By Dick Jones Communications,
[RxPG] Will graphic cigarette package warning labels significantly reduce demand? A new study suggests it will.
Current US policy requires that tobacco companies cover 50 percent of one side of a cigarette pack with a text warning. But the FDA recently unveiled nine new cigarette warning labels, which include graphic images of lung and mouth cancer, to be unveiled in September 2012.
A sample of 404 adult smokers from four states participated in an experimental auction on cigarette packs with four different kinds of warning labels. All packs carried the same message: smoking causes mouth cancer.
The first pack featured a text-only message on the side of the pack, the current US policy. The second had a text-only message that covered 50 percent of the lower half of the front, back and one side of the pack. A third had the same text message, but with a photo depicting mouth cancer. The fourth package had the same text and graphic photo, but was a mostly unbranded pack, meaning all color and symbolic brand elements were removed except for the brand's font, size and descriptors.
We found that the label with just the front text warning had little effect on consumers, says study co-author Matthew Rousu, professor of economics at Susquehanna University in Selinsgrove, Pa. However, demand was significantly lower for packs with grotesque images, with the lowest demand associated with the plain, unbranded pack.
The bids for cigarette packs that had a grotesque photo and no brand imagery received bids that were 17 percent lower than the bids for the package with the current US warning label.
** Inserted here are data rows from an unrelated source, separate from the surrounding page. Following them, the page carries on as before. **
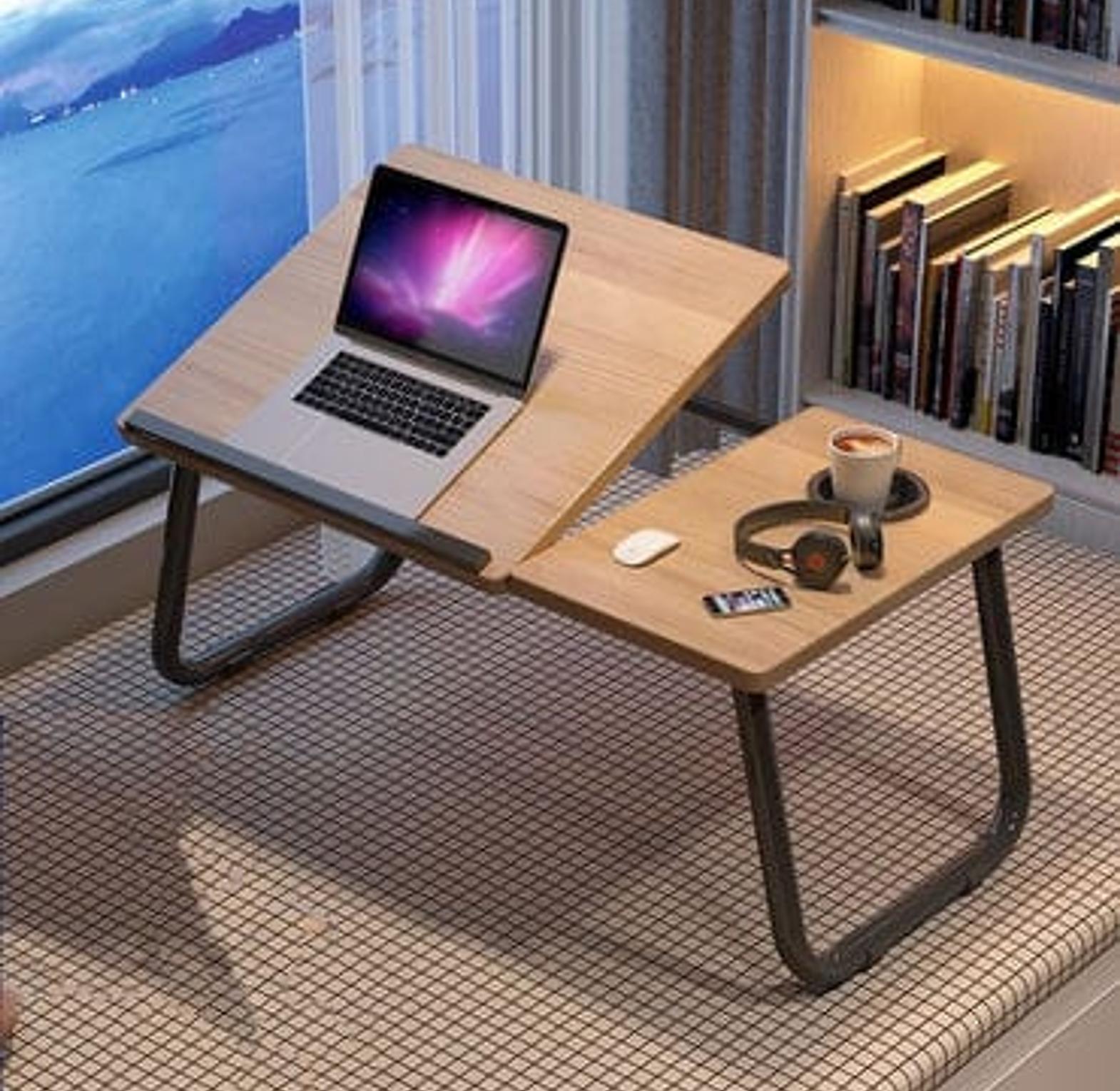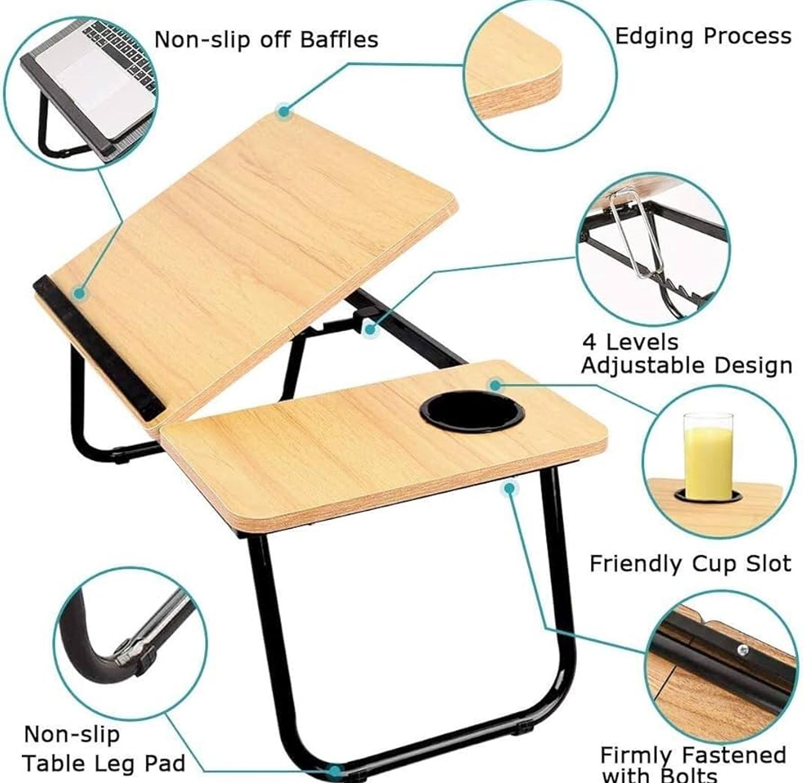Wooden profile 5 levels Adjustable angle foldable study table or laptop table with cup slot
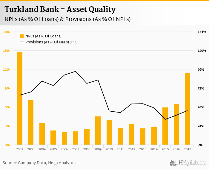 Turkland Bank's non-performing loans reached 11.4% of total loans at the end of 2017, up from 6.46% compared to the previous year. Historically, the NPL ratio hit an all time high of 14.7% in 2002 and an all time low of 2.02% in 2006.
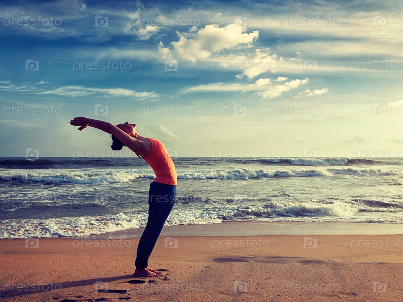 Винтажное ретро-эффектное изображение в стиле хипстера молодой спортсменки, занимающейся йогой Солнечный салют Сурья Намаскар позирует Хаст Уттанасана на тропическом пляже при закате
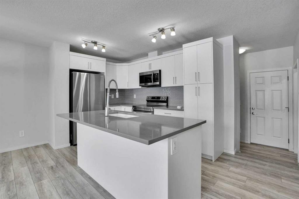 NO CONDO FEES – Discover exceptional value and stylish living at 216 Windbury Lane SW, a beautifully upgraded 3-bedroom, 2.5-bath townhome nestled in the heart of South Windsong, Airdrie. Perfectly positioned directly across from a park and scenic walking paths, this home offers the ideal blend of comfort, location, and modern design—with zero condo fees. Step into a bright and inviting open-concept main floor featuring luxury vinyl plank flooring, knock-down ceilings, and an abundance of natural light. The designer kitchen is the true showpiece, showcasing sleek quartz countertops, stainless steel appliances, upgraded cabinetry, and a large central island with bar seating, making it perfect for hosting or enjoying casual family meals. Upstairs, the spacious primary suite offers a tranquil retreat with a luxurious tiled ensuite shower, while two additional bedrooms provide ample space for kids, guests, or a home office. Both bathrooms are finished with high-end tilework and modern fixtures for a spa-like feel. Enjoy the convenience of an attached garage, a private driveway, and a fully landscaped exterior—all just minutes from top-rated schools, shopping, and quick access to Deerfoot Trail, CrossIron Mills, and North Calgary. Whether you’re a first-time buyer, a growing family, or looking to downsize without sacrificing style, this move-in-ready gem delivers the perfect balance of function and flair—all with no condo fees. Don’t miss this rare opportunity!
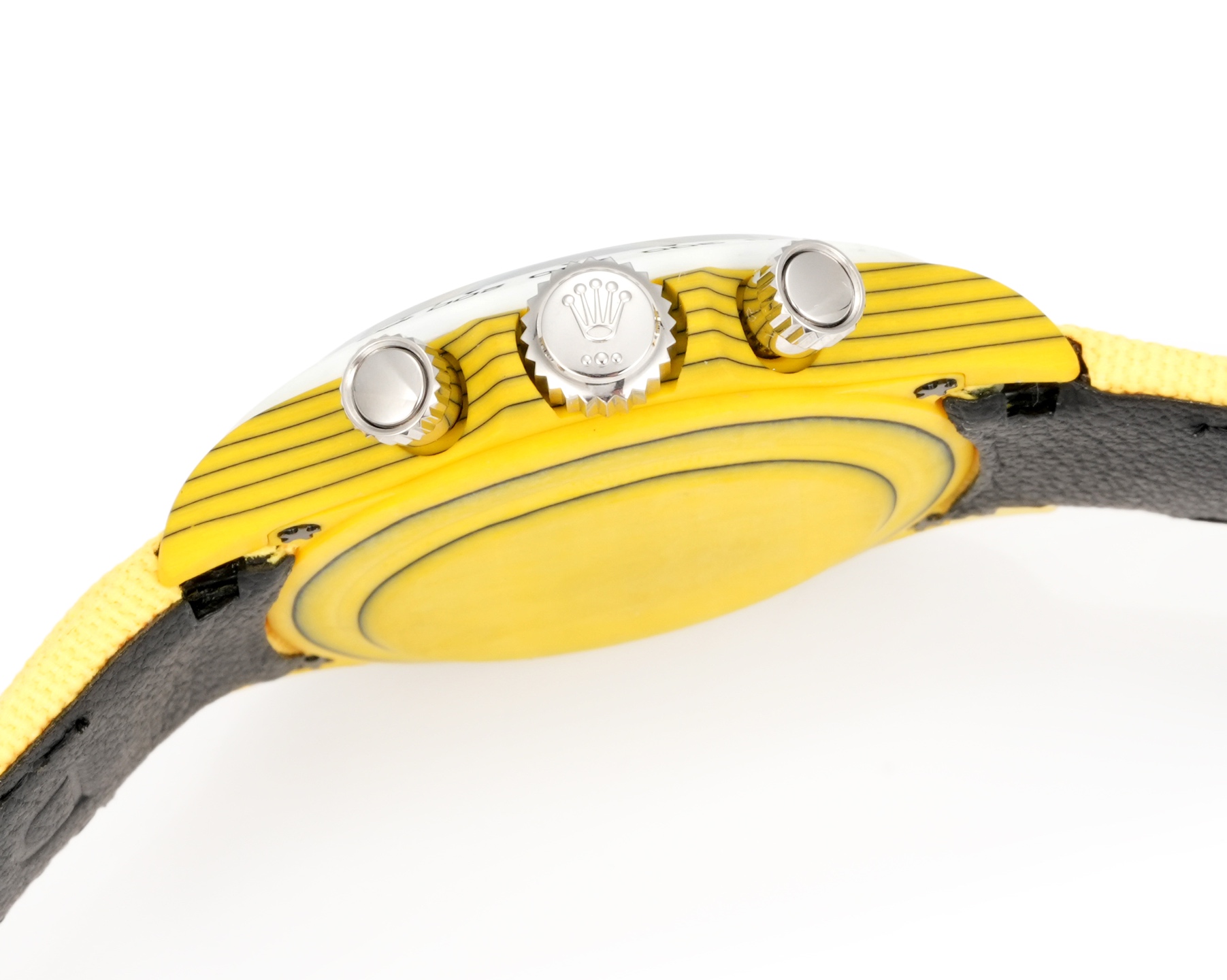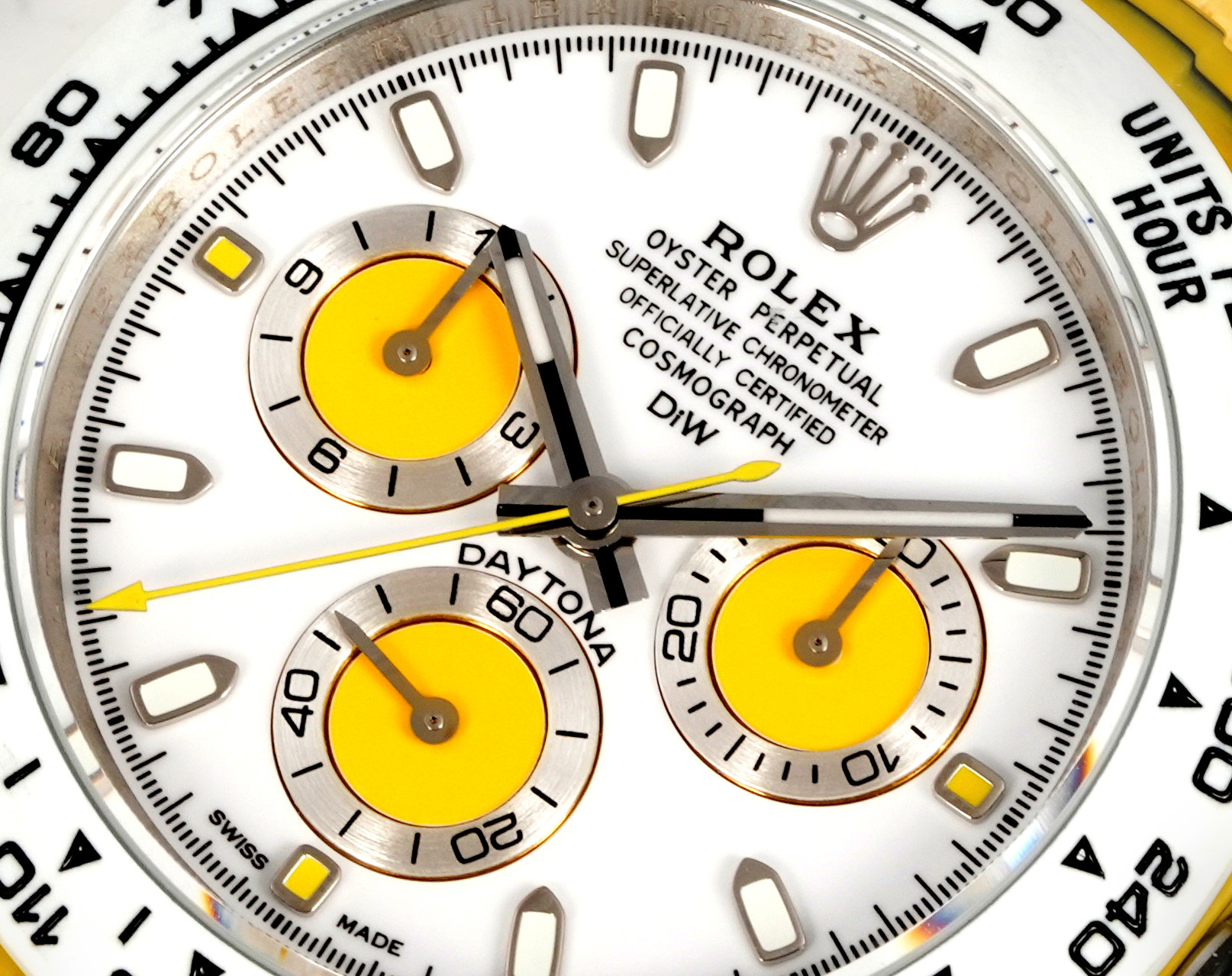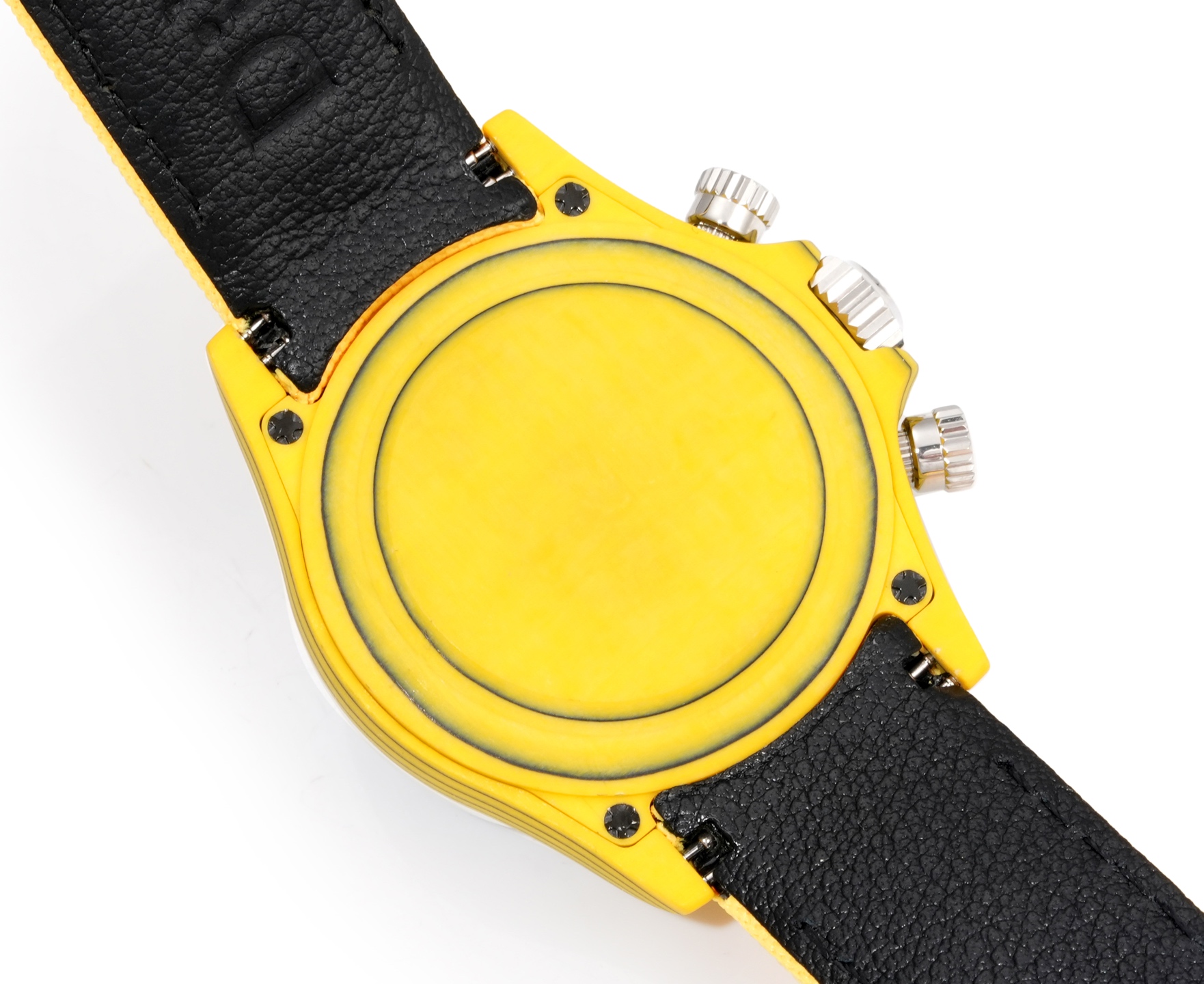 TWファクトリーのロレックスデイトナは、カーボンファイバーを用いることで伝統的な時計素材から興味深い逸脱を見せています。40mm x 12.4mmの寸法はオリジナルに忠実ですが、ケース、ベゼル、ケースバックにわたる高複合カーボンファイバーの使用がそれを際立たせます。各時計のカーボンファイバーパターンは独自のものであり、2つとして同じものは存在しません。これは、高級オーダーメイドモデルに通常見られる排他的なアプローチです。
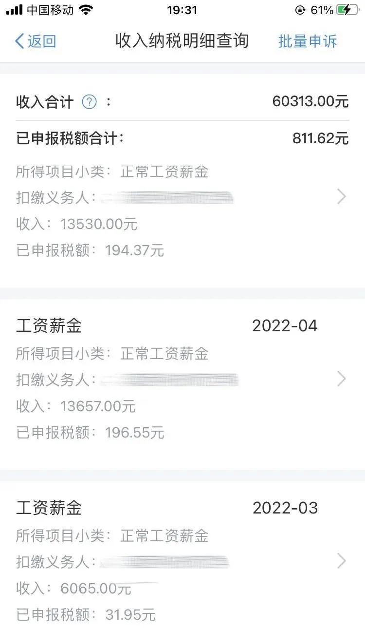 @匿名:说一下我的情况吧,硕士学历,云南地州某高校在编专任教师,今年3月才入职,第一个月没课时费所以工资比较低,一年有四个月工资比较低。公积金双边2500,这几个月收入如下:
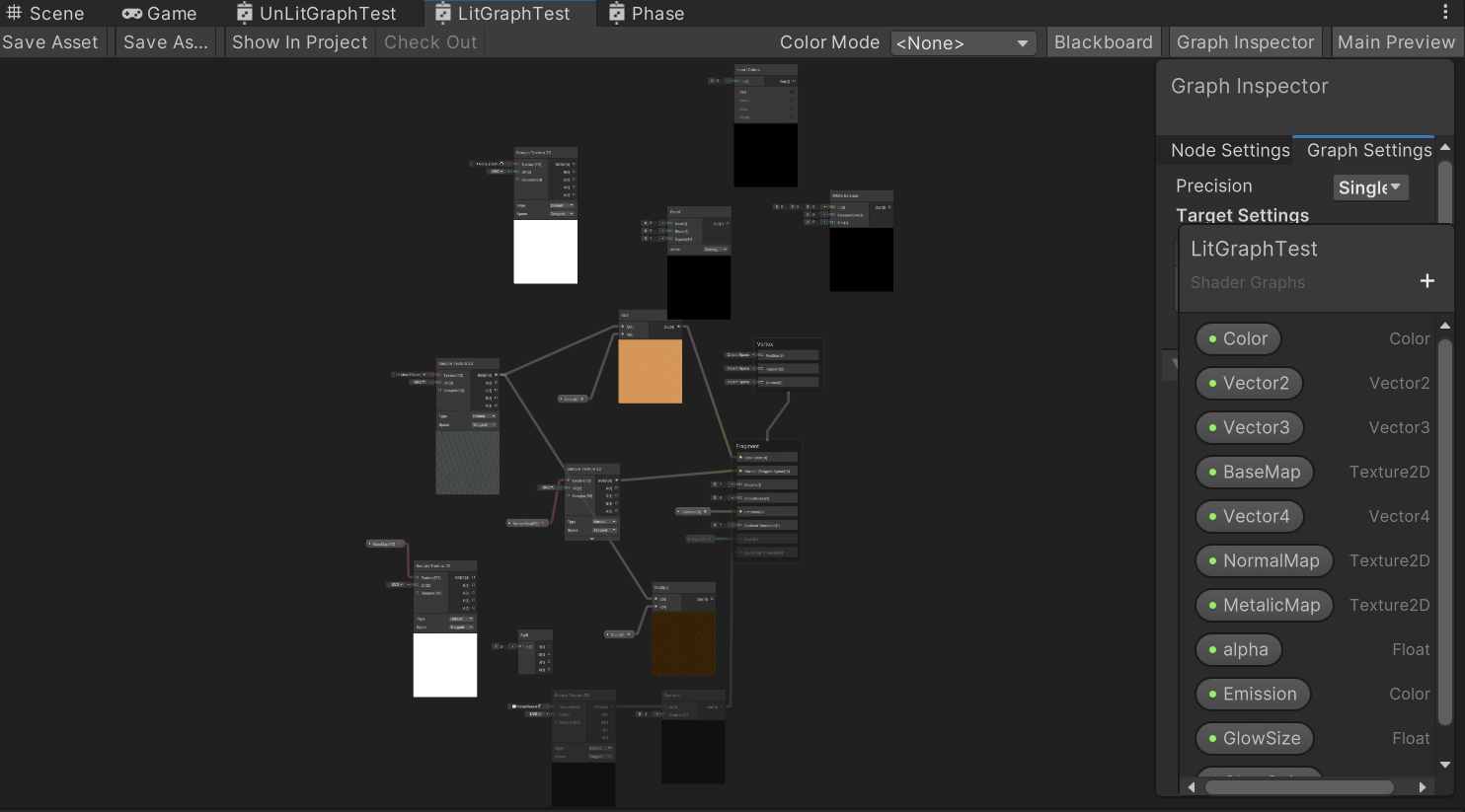 그리고 유니티 쉐이더는 비주얼 스크립팅과 같은 GUI 환경에서의 작업을 지원하는 Shader Graph가 존재한다.
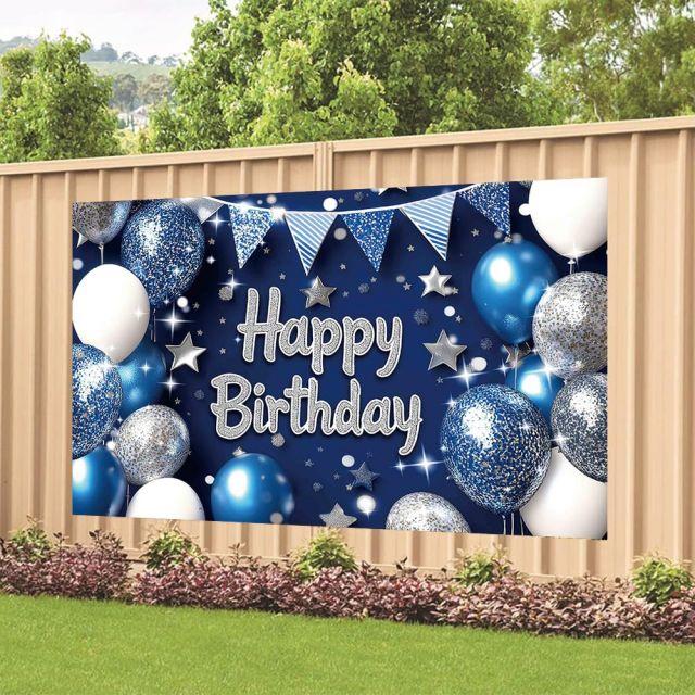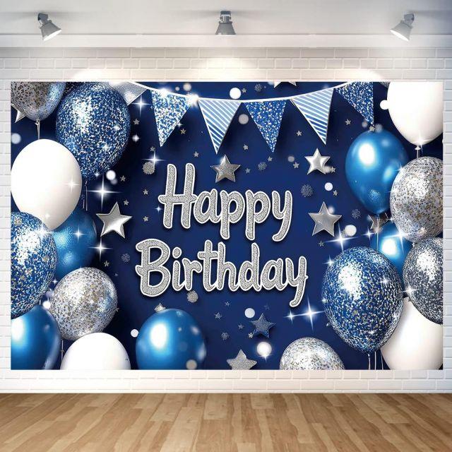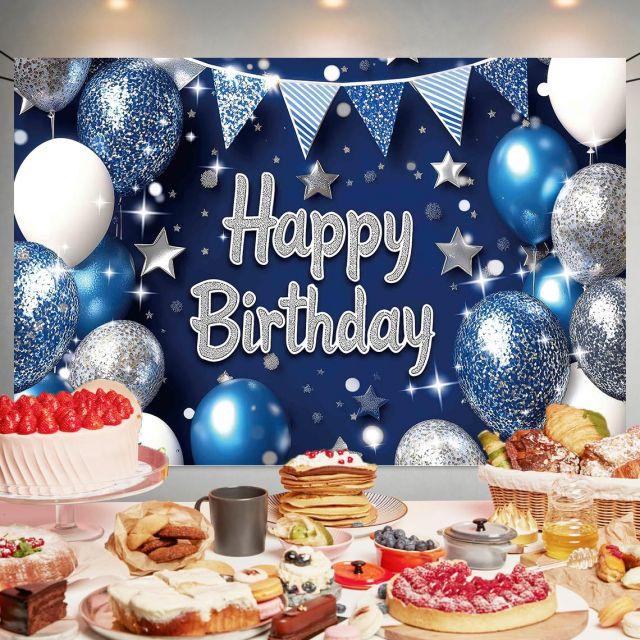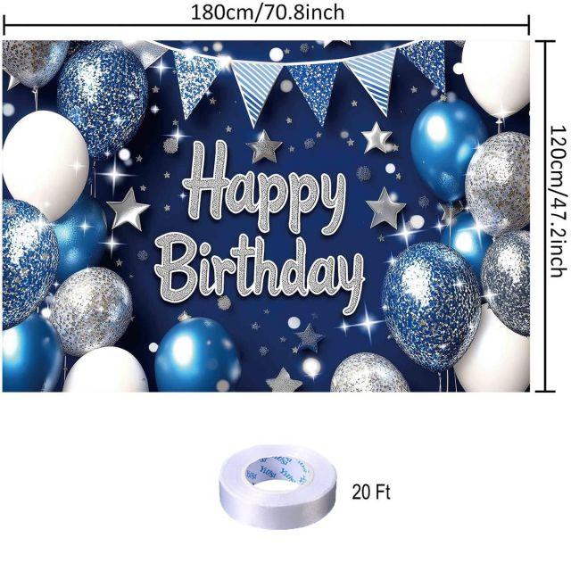 サイズ:180cmx120cm◆商品名:ブルー&シルバーバースデータペストリー180×120cmブルー&シルバー誕生日背景布写真撮影壁飾りパーティー装飾インスタ映えSNS撮影記念日繰り返し使える洗えるポリエステル製男性
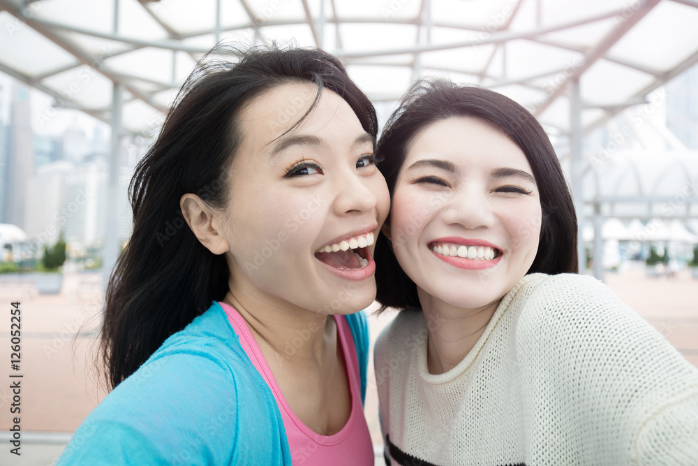 Fototapeta two woman selfie in hongkong

Results from our study suggest that the new health warnings with graphic pictures will reduce demand for cigarettes, says Rousu, who conducted the study with James F. Thrasher, David Hammond, Ashley Navarro and Jay R. Corrigan.
Regulators should also consider health warnings with graphic pictures, but also plain packaging policies for tobacco products, he adds. Color and brand imagery can support false beliefs about reduced risks of some brands.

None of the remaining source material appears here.